Create things on GPU

Consider these two lines:

torch.zeros(100, device="gpu")
torch.zeros(100).to("cuda")

They should effect the same, but first one is faster as it assumes creating GPU tensor directly without copy from CPU, while the second one uses the copy from CPU trick.

Two different loss functions

If you have two different loss functions, finish the forwards for both of them separately, and then finally you can do (loss1 + loss2).backward(). It’s a bit more efficient, skips quite some computation.

Sum the loss

In your code you want to do:

loss_sum += loss.item()

to make sure you do not keep track of the history of all your losses.
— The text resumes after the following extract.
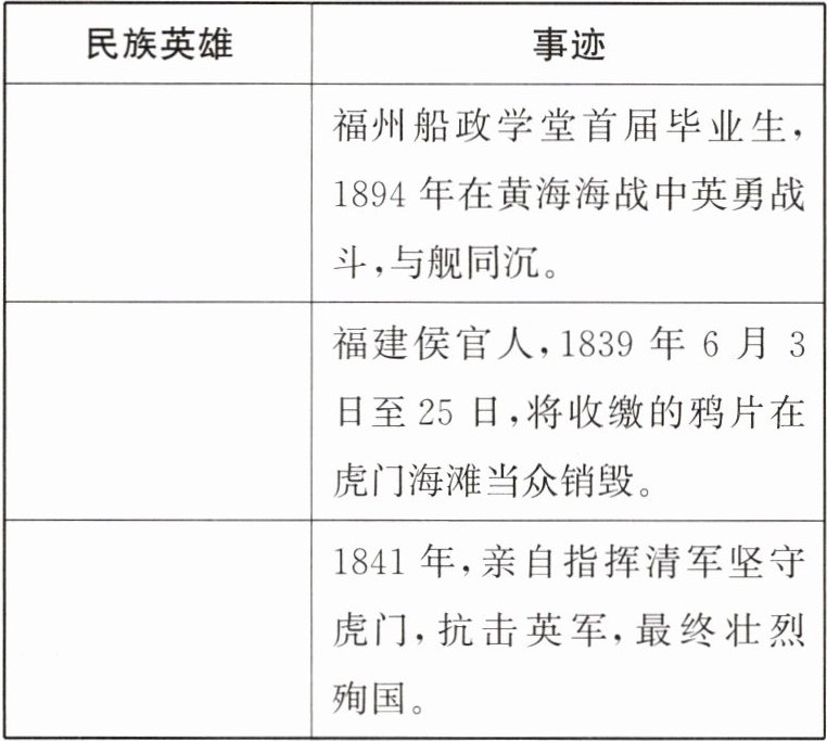 (2)请将材料二中三位民族英雄与其事迹对号入座。

item() will break the graph and thus allow it to be freed from one iteration of the loop to the next. Also you could use detach() for the same.
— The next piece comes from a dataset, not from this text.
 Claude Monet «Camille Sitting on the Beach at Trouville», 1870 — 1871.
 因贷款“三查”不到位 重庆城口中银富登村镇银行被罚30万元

Loss backward and DataParallel

When you do loss.backward(), it is a shortcut for loss.backward(torch.Tensor([1])). This in only valid if loss is a tensor containing a single element.
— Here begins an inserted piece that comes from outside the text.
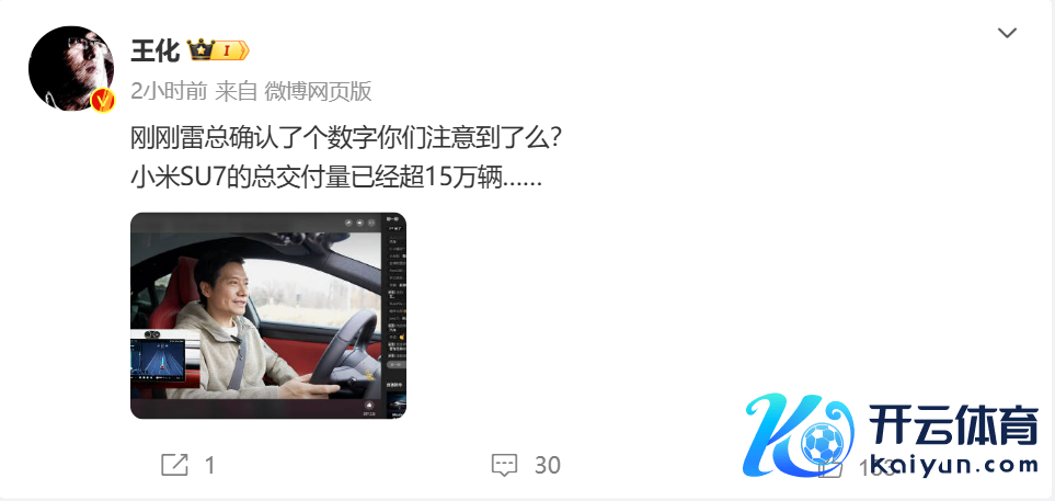 小米集团公关部总司理王化在微博上发文称,在当天的直播中,小米创办东说念主、董事长兼CEO雷军阐述了一个数字:小米SU7的总录用量照旧罕见15万辆。

DataParallel returns to you the partial loss that was computed on each GPU, so you usually want to do loss.backward(torch.Tensor([1, 1])) or loss.sum().backward(). Both will have the exact same behaviour.

Disable the autograd

If you want to disable the autograd, you should wrap you function in a with torch.no_grad() block. Based on the PyTorch tutorial, during prediction (after training and evaluation phase), we are supposed to do something like

model.eval()
with torch.no_grad():

Vector and matrix multiplication

In PyTorch we use tensors. What if we need to do element vise multiplication?

x=torch.rand(2,3,2,2)
y=torch.rand(3)
print(x)
print(y)
y = y.view(1,3,1,1)
out = x*y
print(out)

We use view(). Note view is in place operation:

x*y.view(1, 3, 1, 1)

This is equivalent as:

y = y.view(1,3,1,1)
out = x*y

What’s the difference between view() and expand()?

Expand allows you to repeat a tensor along a dimension of size 1. For instance if we have a convolution kernel as a tensor t = torch.tensor([[1., 2. , 1.], [0., 0., 0.], [-1., -2. , -1.]]) and we would like to repeat that tensor allong three image channels we would use expand like this: t.expand(1,3,3,3). What expand will do, it will pretend that the original tensor t is copied three times.

View changes the size of the Tensor without changing the number of elements in it. It actually set the new “view” on the existing data.

Use model on GPU

You should create your model as usual then call model.cuda() to send all parameters of this model (and other stuff in the model) to the GPU. Then you need to make sure that your inputs are on the gpu as well:

input = input.cuda()

Then you can forward on the GPU by doing:

model(input)

Note that model.cuda() will change the model inplace while input.cuda() will not change input inplace and you need to do input = input.cuda().

Use detach()

Replace output.data with output.detach() that is the new way to do it.

CUDA_LAUNCH_BLOCKING=1 to have clear stack trace

When running on GPU, use CUDA_LAUNCH_BLOCKING=1 otherwise the stack trace is going to be wrong.